Stephen Jay Gould: Passionate Advocate for Evolutionary Biology

When I interviewed Stephen Jay Gould in his Soho apartment in New York City in 1996, he had written 263 of his 300 columns for Natural History magazine. Gould, who was born in 1942 and died of cancer in 2002, oscillated annually between being a professor of biology and geology at Harvard and working at the American Museum of Natural History. He had a wide-ranging, imposing intellect, a love for fashioning arguments and for debunking what he viewed as poor arguments. He had many roles, including being an explainer of evolutionary biology, an historian of science, and a baseball fan. He had a distaste for those he felt twisted evolutionary biology to evil or illogical purposes or tried to make evolution out to be a theory competing with divine creation, rather than as a fact. I spoke to Gould in his office, filled with autographed baseballs, Victorian books with marbled covers, and a rolling ladder so he could reach the upper shelves of his library. On a table sat an IBM typewriter which Gould wrote on. “I know what I want to say when I sit down to write,” he said. I interviewed him shortly after the publication of one of his books, Full House: The Spread of Excellence from Plato to Darwin.

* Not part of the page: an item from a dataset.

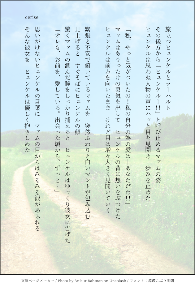ceriseonbunbury☆quiet followDONEハグの日に寄せて。Twitter上の企画『彩りどりの愛─ハグの日をかこう』に参加させていただいたものです。アニメ最終回に、こんな映像が流れたらいいな、という妄想です。主催者様、素晴らしい機会をありがとうございました! #ヒュンマ hygmma #ハグの日 hugDay Tap to full screen (size:630x928).Repost is prohibited Let's send reactions! freqpopularsnackothersPayment processing Replies from the creator Follow creator you care about!☆quiet follow ceriseonbunburyPAST最終回、ポ・マ・メのパーティーは、こうやって決まったんじゃないかな…という私の脳内妄想を放出です。 2 ceriseonbunburyDONE初めて書いたヒュンマ。Twitterの『#キスシーンを14字で書く』に挑戦してみました。それぞれ右側:サイドヒュンケル、左側:サイドマァムのつもりで妄想しました。 3 ceriseonbunburyPASTヒュンマアドベント企画に参加させていただいた時の作品です。たまきずのウィンターホリデー、手袋にインスピレーションを受けました🧤 3 ceriseonbunburyDONE2022ヒュンマ桜フェア出展作品🌸花よりマァムなヒュンケルさん😊 ceriseonbunburyDONEきれいな景色を見ると心が浄化されますね。そんな時に降ってきたヒュンマのラブレターです。 3 ceriseonbunburyDONEシェイクスピアの作品に当てたヒュンマです。①「ロミオとジュリエット」第二幕第二場を、フレイザード戦後のヒュンマのやり取りに変換してみました。②「ソネット」18番を、激重片想い中のヒュンケルversionで。 2 related works simasimadayoneDONEジュンブラフェス記念に描きました!ヒュンマちゃんおめでとう🥳💜❤️せっかく描いたステンドグラス隠れ過ぎた。2024.6.26 2 simasimadayoneDONE獄炎3巻末尾漫画も、ヒュンマ脳にかかればこうなっちまうんだぜ…。ロカに会わせてくれてありがとう!!! simasimadayoneDONE獄炎34話扉絵で情緒が……。一人じゃないよ。そばにいるよ。ずっと…。2023.9.21 simasimadayoneDOODLEまさかの公式ソング、にんげんっていいぞ…!歌うイメージのないヒュンが歌ってる衝撃!!そうだよね聖母のお膝で眠るなら嬉しくて歌っちゃうのかもね…✨インフィニティストラッシュ発売おめでとうございます!!!2023.9.28 simasimadayoneDONEHMFウィンターの為にアバター作ったんですが、ヒュンマCMができました。ドラクエにでてくるあの馬です。 2 simasimadayonePROGRESS続き6pぶん。とんでもねぇところまで来ました。(ラーに何言わせててるんだ)ラーは魔族的感覚の持ち主。 6 真紀瑠唯DONEじょうじさん@jo_jo_joujiが投下されたエルゴヒュが素敵過ぎて、その後のHMFを妄想してしまいました。928号室のじょうじさんと共にHMFを見守る9階の住民設定です。夢小説のように『私』部分を脳内で置き換えてお読み下さいませ。しあわせ子沢山HMF設定の使用許可を下さったじょうじさんに感謝いたします🙏🙏🙏有難うございました! 1016 simasimadayoneDONEヒュンマカーニバルVR2025記念バレンタイン女子会漫画!今回はマァムが恥ずかしがってて楽しかったです。イラストはペーパーに使ってます。このネタ温め続けて3年目、ようやく描けた😂2025.2.7 9 simasimadayoneMEMOにんげんって……の、ヒュンマ的欲望全開な感想叫び。(センシティブ) recommended works simasimadayoneDONE地底魔城ヒュンマ!ネタかぶりしてたらごめんなさい!! simasimadayoneDONE今日は…、今日は…いい風呂の日なんだよ!!いい夫婦はいい風呂に入るよ!! 💜月々❤️PAST『君の色』大戦後の一場面をイメージしました。この後『ラーさん』が起きた設定です。 4 💜月々❤️PASTパーティーかなんかで酔い潰れたマァムさんがヒュンに介抱される話。うちのレオナはすぐ2人を閉じ込めようとするw雑でお恥ずかしい😭もう少し綺麗にお直ししたかった。 6 simasimadayoneDONEヒュンマフェス・ウィンター作品①【言いたい】ミナカトール前にヒュンケルとエイミの槍渡しのやりとりを見て、動揺するマァム。ヒュンケルは自分に向けられたマァムの愛が特別なものである事に気づいている前提です。言っちゃえよぉ……! n_tamakizuPASTまむたんよきよきまとめ 2 n_tamakizuPAST団長スキーツイートまとめ 3 n_tamakizuPAST色んな人のお陰で気づいてゆく。自覚まで後一歩! simasimadayoneDONEヒュンマ・スターフェス作品①ネップリイラスト。 7

What general impression of ideas in the book would you most like to stay in the minds of readers?

The general message is that you really need to look at something as fundamental and obvious as a trend in a very different way.  There are a hundred theories out there for why no one in baseball hits .400 anymore, but they are all backwards. Every one of them is based on the unquestioned assumption that .400 hitting is a thing that went away. Therefore, the assumption goes, it has to be interpreted as what went wrong with hitting. The other sophisticated version is that nothing went wrong with hitting it is just that pitching got better. But if you also you reconceptualize the problem and recognize that .400 hitting isn’t a thing, but it’s just an extreme value in the spectrum of variation of batting averages, then you have an alternative possibility. Namely, maybe the variation has contracted around a constant mean.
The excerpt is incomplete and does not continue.